The processor 1401 may be a general-purpose processor such as a Central Processing Unit (CPU), a digital signal processor, an Application Specific Integrated Circuit (ASIC), a field programmable gate array or other programmable logic device, discrete gate or transistor logic, discrete hardware components, and may implement or perform the methods, steps, and logic blocks disclosed in the embodiments of the present Application. A general purpose processor may be a microprocessor or any conventional processor or the like. The steps of a method disclosed in connection with the embodiments of the present application may be directly implemented by a hardware processor, or may be implemented by a combination of hardware and software modules in a processor.
Memory 1402, which is a non-volatile computer-readable storage medium, may be used to store non-volatile software programs, non-volatile computer-executable programs, and modules. The Memory 1402 may include at least one type of storage medium, and may include, for example, a flash Memory, a hard disk, a multimedia card, a card-type Memory, a Random Access Memory (RAM), a Static Random Access Memory (SRAM), a Programmable Read Only Memory (PROM), a Read Only Memory (ROM), a charge Erasable Programmable Read Only Memory (EEPROM), a magnetic Memory, a magnetic disk, an optical disk, and so on. Memory 1402 is any other medium that can be used to carry or store desired program code in the form of instructions or data structures and that can be accessed by a computer, but is not limited to such. The memory 1402 in the embodiments of the present application may also be a circuit or any other device capable of performing a storage function for storing program instructions and/or data.

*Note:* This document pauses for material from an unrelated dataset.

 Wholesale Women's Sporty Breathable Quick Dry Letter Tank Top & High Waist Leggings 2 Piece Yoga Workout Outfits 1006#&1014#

Based on the same inventive concept, embodiments of the present application provide a computer-readable storage medium storing a computer program executable by a computer device, which, when the program is run on the computer device, causes the computer device to perform the steps of the above-mentioned text detection model training method.
Based on the same inventive concept, embodiments of the present application provide a computer program product comprising a computer program stored on a computer-readable storage medium, the computer program comprising program instructions that, when executed by a computer device, cause the computer device to perform the steps of the above-mentioned text detection model training method.

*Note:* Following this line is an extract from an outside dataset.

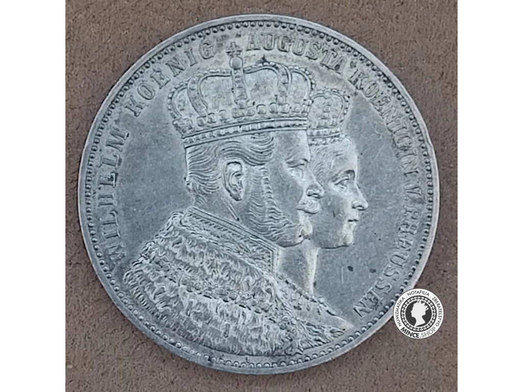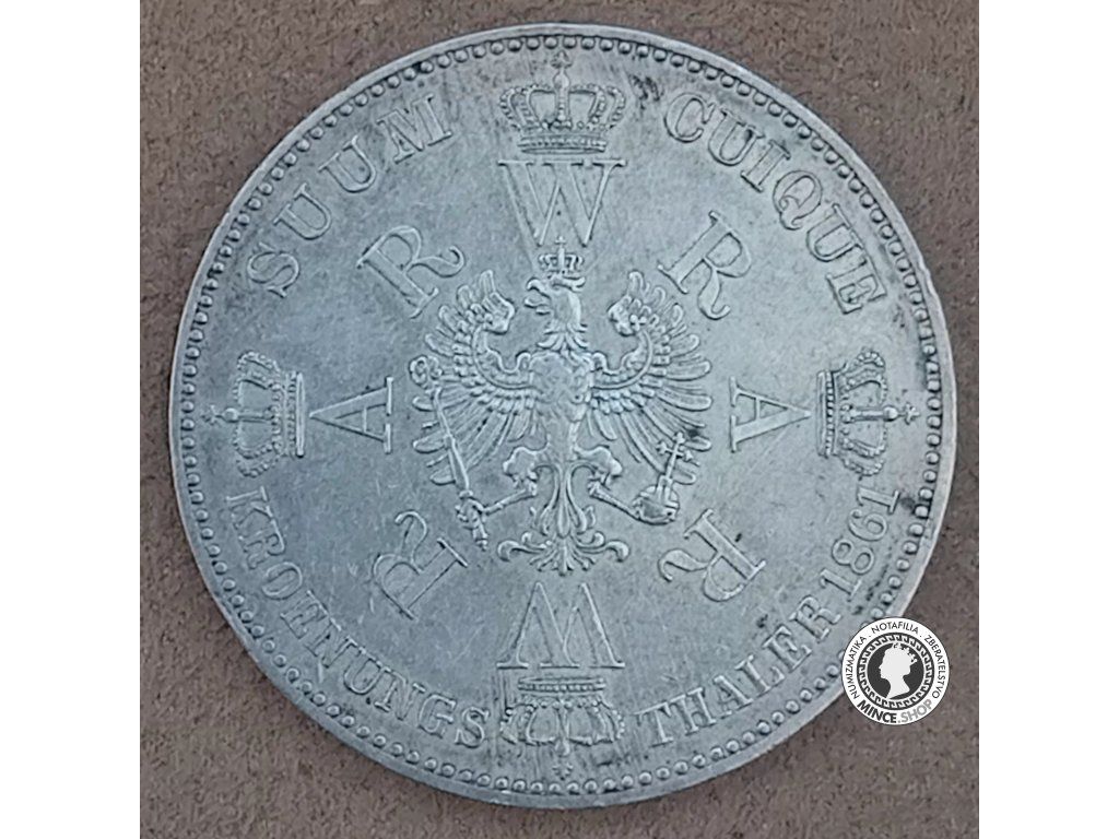 Historická obehová minca v hodnote 1 toliar z roku 1861, korunovácia Wilhelma a Augusty, panovník Wilhelm I., Pruské kráľovstvo (1821 - 1873)

It should be apparent to those skilled in the art that embodiments of the present invention may be provided as a method, or computer program product. Accordingly, the present invention may take the form of an entirely hardware embodiment, an entirely software embodiment or an embodiment combining software and hardware aspects. Furthermore, the present invention may take the form of a computer program product embodied on one or more computer-usable storage media (including, but not limited to, disk storage, CD-ROM, optical storage, and the like) having computer-usable program code embodied therein.

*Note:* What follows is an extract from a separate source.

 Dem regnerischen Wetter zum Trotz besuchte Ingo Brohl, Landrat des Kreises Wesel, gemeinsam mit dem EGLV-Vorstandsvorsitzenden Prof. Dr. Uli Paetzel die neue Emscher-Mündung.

The present invention is described with reference to flowchart illustrations and/or block diagrams of methods, apparatus (systems), and computer program products according to embodiments of the invention. It will be understood that each flow and/or block of the flow diagrams and/or block diagrams, and combinations of flows and/or blocks in the flow diagrams and/or block diagrams, can be implemented by computer program instructions. These computer program instructions may be provided to a processor of a general purpose computer, special purpose computer, embedded processor, or other programmable data processing apparatus to produce a machine, such that the instructions, which execute via the processor of the computer or other programmable data processing apparatus, create means for implementing the functions specified in the flowchart flow or flows and/or block diagram block or blocks.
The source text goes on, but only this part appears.